It’s August 1st and a faint scent of the new academic year is in the air, detectable only by returning teachers who with a mix of melancholy and excitement begin to brace themselves for re-entry. We have learned to expect neither understanding nor pity from our fellow citizens, unemployed or employed. After all, we have jobs and we have three solid months of more or less paid vacation. August is the decidedly non-liturgical Advent of the academic year, but all the same a season of anticipation and, if we take our work and our lives seriously, a period of self-examination and resolve. We all know we can do better, learn more, and be more honest about what we still don’t and may never grasp. However shabby the politics of our workplace, we know the human stakes are high in what we do, whether we teach children to read or their older siblings to think. I teach college students while my wife teaches first-graders, and the less-than-startling truth is that we tell many of the same stories at the end of every day.
For me, re-entry is a matter of finding my voice again. Whether or not anyone notices, every summer I become, in relative terms, an elective mute. Weary of the sound of my own voice and the parade of my own ideas, I retreat into study and thought and silence. I try to listen again. Unless by September I have re-discovered an initial hesitancy to speak, a fundamental reticence to fill the world, my wider world, with more words, much less my own, then I know I have not spent my summer properly. School and the school year, after all, are a place and a time of many words, too many words, of every imaginable sort: empty, wrong-headed, earnest, wise, fierce, modest, learned, clueless, delving, dogmatic, silly, confusing, and impenetrable. And, after forty-two years of college teaching I have no illusions that, as the saying goes, “words can never hurt me (or anyone else).” No, the truth is that words are no less dangerous than sticks or stones, slings and arrows, except that the formers’ wounds rarely break the skin.

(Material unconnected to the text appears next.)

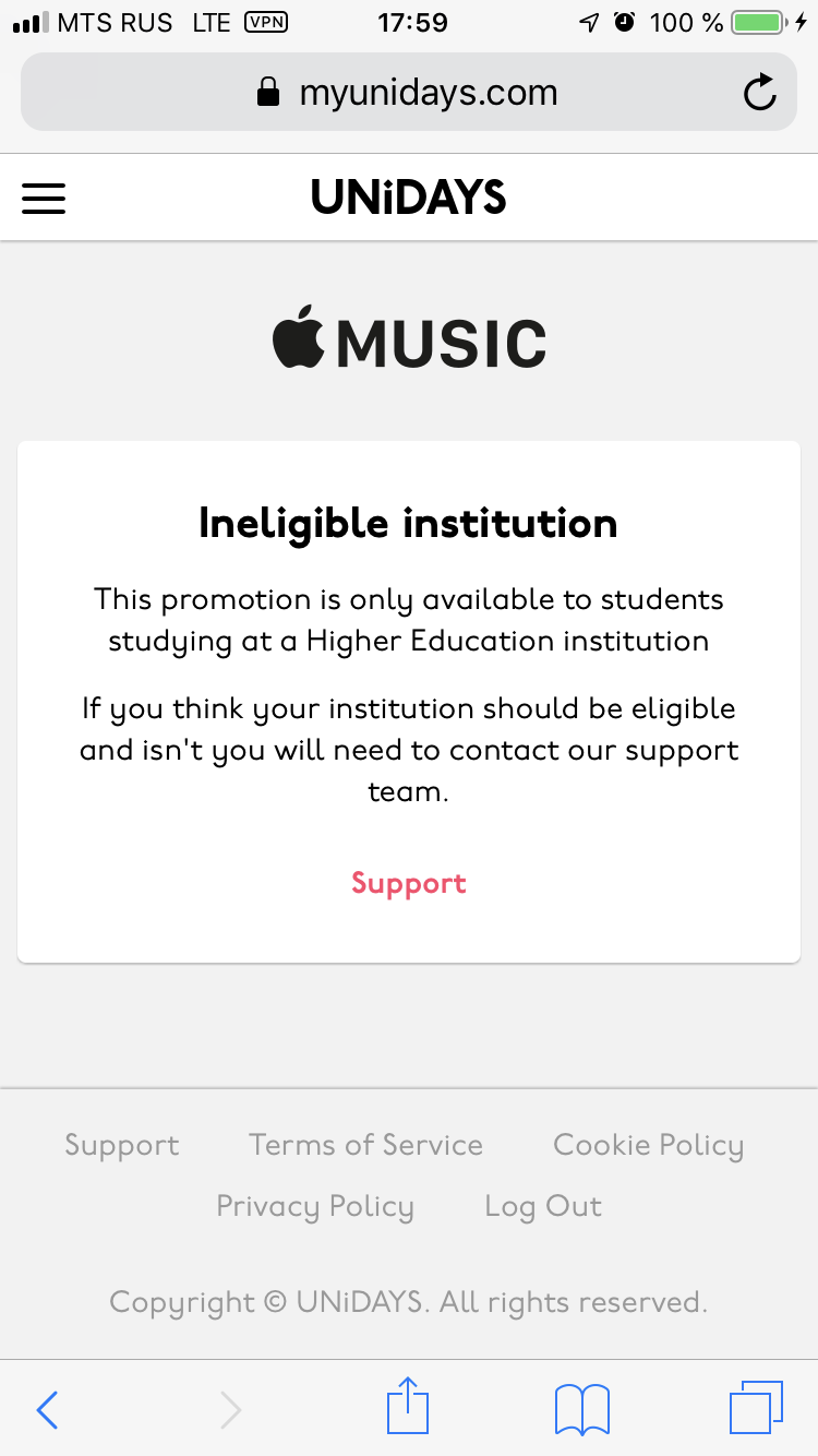 But the problem is that when I click "confirm student status" in the Apple Music app, I go to the website myunidays.com where I write that this subscription is available only for students of higher education. And Unidays customer service told me about it. But Apple's rules say that students in both higher education and secondary and technical schools are eligible for a subscription Apple Music.
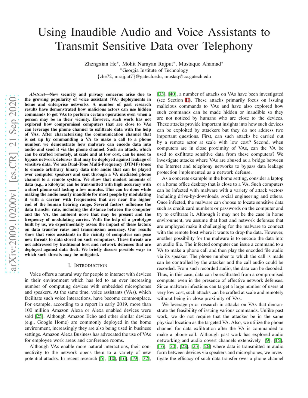 Using Inaudible Audio and Voice Assistants to Transmit Sensitive Data

Every August for the past forty-two I have stood on the brink of a new academic year wondering how to find my way with any integrity in what is invariably a war zone, where the battle lines are frequently and unpredictably re-drawn. My world, reputedly higher education, is awash with cliques, ism’s, ideologies, dogmas, and altogether too many popes. My flagless four-decade academic cruise has necessarily navigated waters seething with intellectual pirates of one stripe or another—existentialists, logical positivists, behaviorists, neo-Marxists, deconstructionists, post-modernists, to mention a few. Across these years, gold-braided captains and commanders of once calm seas have awoken to cannon shots across their bows. Entire ships have been boarded and seized. Peers have made each other walk the proverbial plank. It’s all been quite colorful if not always edifying. But I have never stopped wondering what would happen if academia were to disarm and if the pirates took off their patches. Admittedly you can see the world through one eye, but not with any depth. And if life-long learning is not about depth then what is it about?
So just who are the pirates afloat in my waters? I’ll give a single example. As one who teaches comparative religion, I naturally took note when the national and world media informed us not long ago that “the soul has died,” just as they announced forty years ago that “God is dead.” Each of these sensationally witless proclamations represented not only a popular phenomenon but also an academic sect. Focusing now on the more timely death of the soul, it has become commonplace in cognitive science and beyond to claim, with Steven Pinker that “the mind is a product of the brain.” This means that you and I — “Neuronal Man” — are, in the words of Francis Crick, “nothing but a pack of neurons.” Mind, self, and soul are all illusions, and not in the profoundly thoughtful and layered way a Buddhist would understand this to be the case. Put as crudely as possible by Marvin Minsky, “The human mind is a computer made out of meat.” Such is the science of one-eyed pirates and would be humorous if it were not so pervasive and influential. It is the way some people talk but thankfully not often the way they live, and therein lies the peril of the academic world. It is a world of words often unaccountable to anyone or anything, even to those who utter them. Words like bacteria mutate freely here and develop strains or schools of thought resistant to reason, common sense, experience, and evidence. It is a challenge to stay on course, make sense, and try to tell the truth in such a turbulent free-for-all. My years on the high seas of learning have convinced me that the Hippocratic oath is not, or shouldn’t be, just for doctors. We teachers too ought to pledge ourselves to first do no harm. This is why, every summer I covet silence and why this August I plan to revisit Hannah Arendt’s Life of the Mind to recall a time gone by when you and I still had one.